Agriculture & Food Chemistry

Biography

Jonghan Ko holds an Associate Professor position at Chonnam National University, Gwangju, South Korea. He is a Crop Modeler and Agricultural Remote Sensing Researcher. His research fields include agronomic applications of crop modeling techniques, quantitative agricultural remote sensing and environmental crop ecology. He was awarded a PhD degree in Agronomy at Texas Tech University, Lubbock, Texas, the USA with a dissertation topic entitled: Development of a cotton crop model that uses remote sensing data in 2004. He received both Bachelor’s and Master’s degrees in Agronomy at Kangwon National University, Chuncheon, South Korea in 1995 and 1998, respectively.

Abstract

Satellite images are promising scientific tools for monitoring of inaccessible crop lands, a design of decision support systems and other practical applications that may require remote sensing information.
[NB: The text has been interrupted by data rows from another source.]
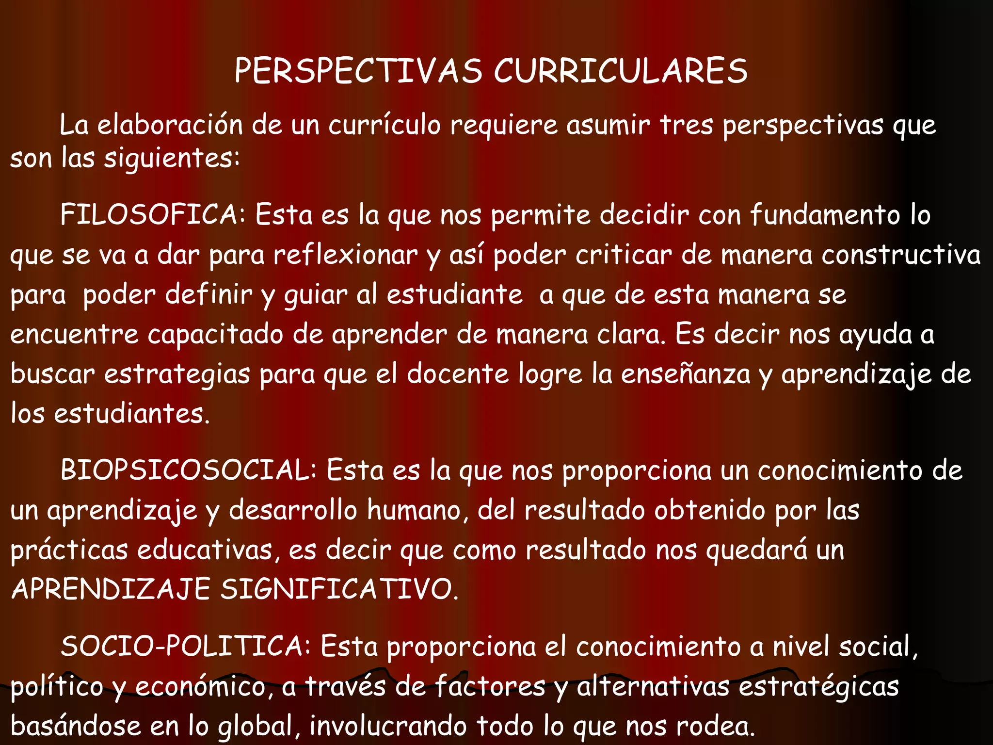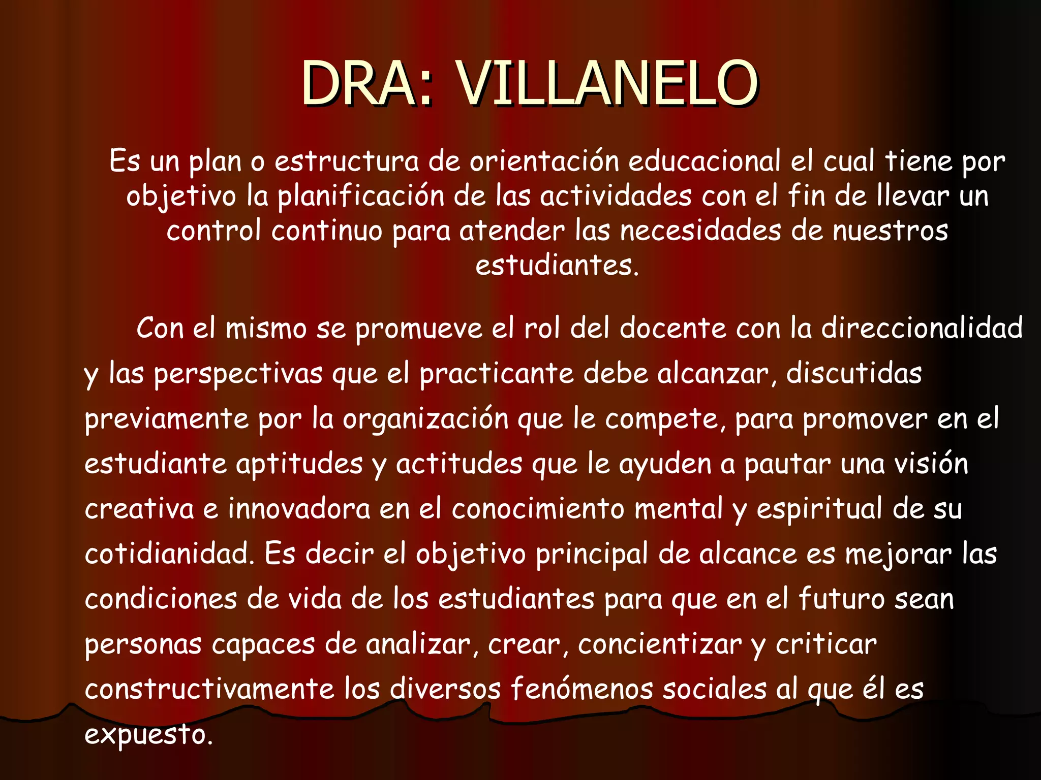El documento describe el plan educativo DRA: VILLANELO, cuyo objetivo es planificar actividades para controlar las necesidades de los estudiantes y promover habilidades creativas. Explica que se debe mejorar las condiciones de vida de los estudiantes para que sean personas capaces de analizar y criticar constructivamente los fenómenos sociales. También describe tres perspectivas curriculares: filosófica, biopsicosocial y socio-política. Finalmente, clasifica el currículo como un instrumento para la reproducción social e ideológica que forma
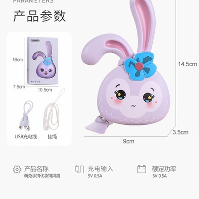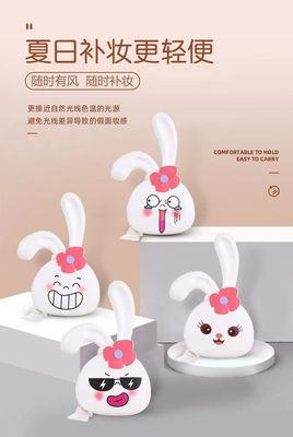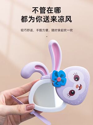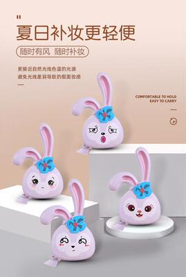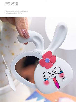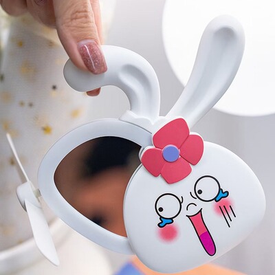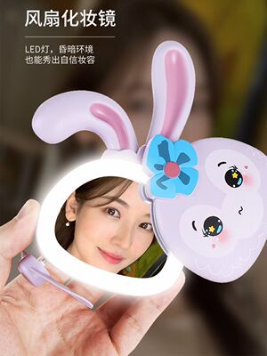 網紅ins少女心萌兔化妝鏡風扇 迷你便攜式USB充電小風扇LED補光燈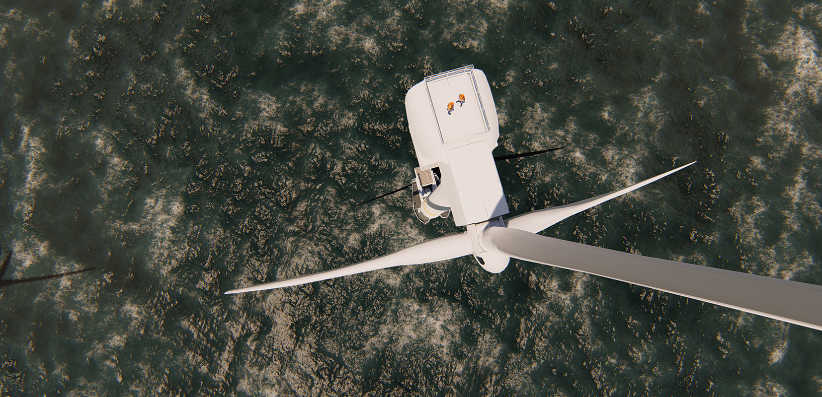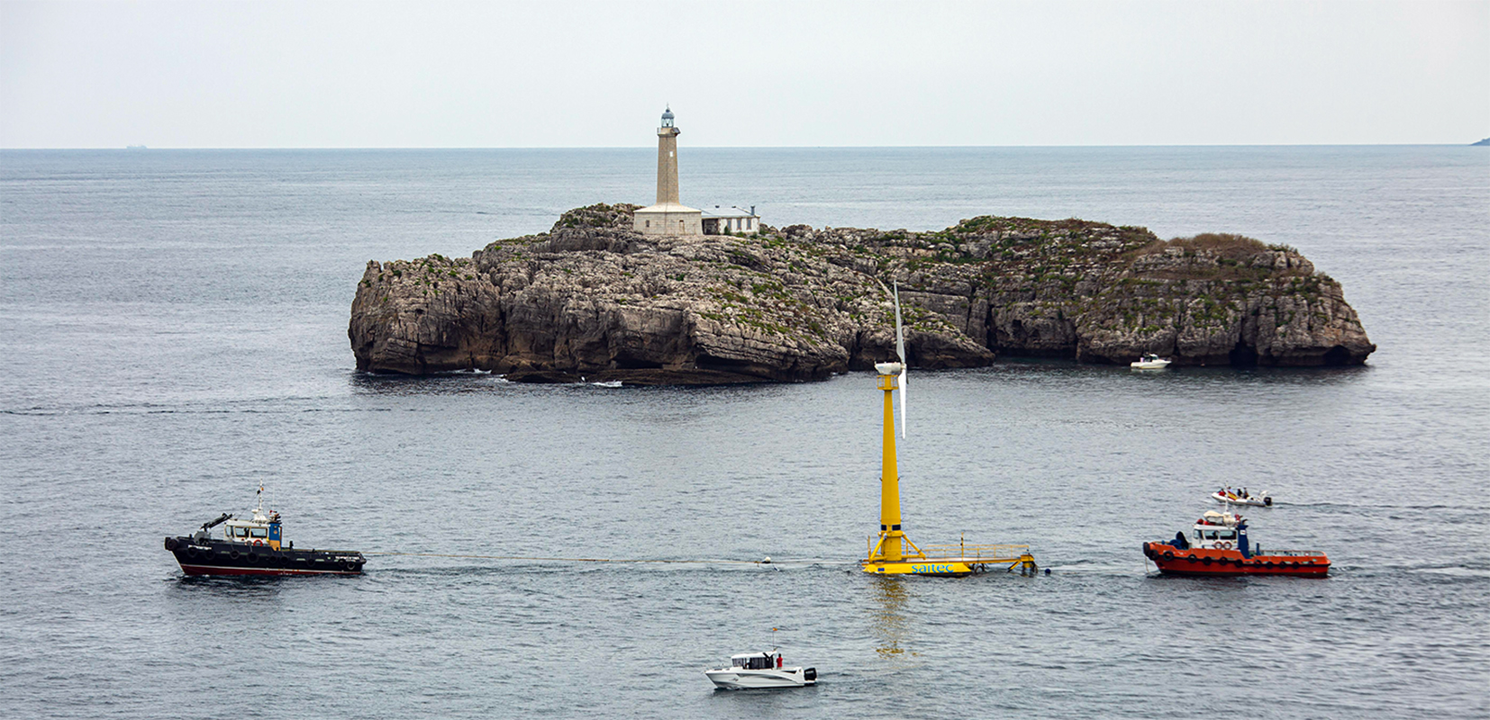 - Aerogeneradores marinos sobre plataforma flotante: Este tipo de emplazamientos abren la puerta a parques más alejados de la costa en zonas de gran profundidad. Las bases flotantes permiten desplegar aerogeneradores en extensas áreas marinas con gran potencial de viento. Con este tipo de técnica, la restricción de profundidad viene marcada por el tendido de las infraestructuras eléctricas submarinas de evacuación, capaces de llegar a cientos de metros de profundidad.

Crop models are useful tools to continuously monitor and simulate information on the crop growth and crop productivity. Combining these approaches, one can provide adequate and continuous monitoring of region wide crop productivity. This study aims to simulate the productivity of paddy - Oryza sativa and the yield of all paddy fields in Korea using a grid crop model combined with satellite imageries. Vegetation Indices and solar insolation data were obtained from the geostationary ocean color imager and the meteorological imager sensors of the communication ocean and meteorological satellite. Reanalysis data of air temperature were collected from the korea local analysis and prediction system. The model was calibrated to simulate rice yields using data obtained from 11 countries and applied to 62 countries with an area of more than 5,000 ha in South Korea for four years from 2011 to 2014. Simulated rice yields were in statistically acceptable agreement with the observed data with a range of model efficiency from -0.21 to 0.55 and a variety of root mean square error from 0.33 to 0.44 ton ha^-1, respectively. In the inaccessible North Korea (NK) for the same period, rice yields were well reproduced upon calibration of the model on 500 m grid paddy fields in Cheorwon as well as verification of the simulation performance accuracy for Cheorwon and Paju, located at the borders of NK. Results show that the paddy productivities were reproduced with reasonable accuracy. The study demonstrates that incorporating a crop model with satellite images can be utilized as a reliable technique for monitoring of crop productivity, particularly in remote, data-sparse regions.